THE FILL UP

I was filling up with water and light,
our feet on the sidewalk,
a gentle mist hanging from the bulb of each streetlight.

You told me you were not going to stay
and I held your face in my hands.

Even the memory now shines in me.
Odd that this feeling should live in my anatomical heart.

I was always so certain.
Did you mistake my readiness
for a lack of depth?
I felt as though I'd always known.

That time in the bar: jukebox light warming the brick,
the indifference as I sat at your table.
If only I could drink gin forever.

And it was fine; I could picture your dog
Rolling on the grass in Ithaca,
until I found out you were moving to Brooklyn after all.




DREAM SONG

I polished off the liqueur and went up on the roof to play you a dream song. I watched the sky turn a cathode array of color, the way it touched the silver painted black top, the way the water towers and tops of trees were cut from it like black construction paper. I think you would have liked it. The way one star hung from another as on a noose. I can't remember the words I sang but I don't think you will either.




GET ON, SKILLMAN!

Get on Skillman.

See that there are too many lights on Skillman.

Think that the problem with Skillman is too many lights, although, other wise it's pretty nice.

Consider living here.

Like the coldness of the morning; the energy of the morning.

Hope that there is more money than you think there is in your checking account, like finding an old Chapstick in the pocket of a winter coat.

Hello friend.

Ride towards the bridge.

Consider living under the bridge.

There are some good industrial buildings under the bridge.

Ride over the bridge.

Look down and see yourself four months ago, before the broken clavicle, on a skateboard riding down the street between the subsidized housing blocks.

See the sign for luxury apartments on top of the building made out of luxury apartments.

Consider living on Roosevelt Island in a luxury apartment.

Decide not to.

Look at the rooftops from above.

Remember the kiss last night as warm and wet and without context.

Hope that you put both your hands up and said "no" softly enough.

Happy for the bed you woke up in.

Don't think about anything as you flow with traffic.

See the girl in the sweatshirt.

Think about the body of the girl in the sweatshirt.

Think about the John Ford movie.

Realize why you were thinking about the John Ford movie.

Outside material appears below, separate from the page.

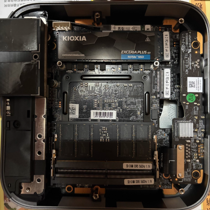 Internally, the layout is tidy. It supports up to 96GB of DDR5 RAM and features dual M.2 PCIe 4.0 slots. Both SSD slots are covered by a large heatsink, ensuring sustained performance during data migration or heavy transfers.

WHEN THE BROOKLYN BOYS BEGIN

Slicing oranges and listening to
the song from the speakers
about the U.S. taking Berlin
I felt shell-like, with lust, with
sticky citrus juice on my shell.

Latter thinking about baseball:
cultic, a sˇance in nine parts,
or eighteen, depending
on how
you're counting.




ELVIS

The feeling in my back begins to return.
It is not a pleasant sensation.
I remind myself to change positions on the couch.
I wish there was someone else in my apartment
and I had something ineluctable to do.

Outside the light is pouring down on everything indiscriminately.
The gossamer curtains move slightly in the breeze from the open window.
By crushing the pills, mixing them with water, and then pouring the solution through a coffee filter you can extract the acetaminophen.

I want a dog, or a beer, or a girlfriend, or the drive to work on my painting, guitar, writing, skateboarding, collage, etc.

The residue in the coffee filter is a sticky white paste that resembles Spackle.

My laptop is on the wicker coffee table next to three old glasses,
a coffee cup with coffee sediment in the bottom,
and an array of magazines, books, and useless papers.

Everything looks covered in cigarette ash,
although the cigarette ash is mostly in the ashtray.

When you drink the water
you can feel your mouth go numb pretty much immediately.
The view from the window is limited:
a brick wall, a fire escape, a tree, and some sort of industrial looking water tower,

But the light falls on everything.
And elsewhere, elsewhere is occurring.
and a truck passes by, and Jesus doesn't come into my heart,
and from the speakers Elvis keeps singing about the ghetto.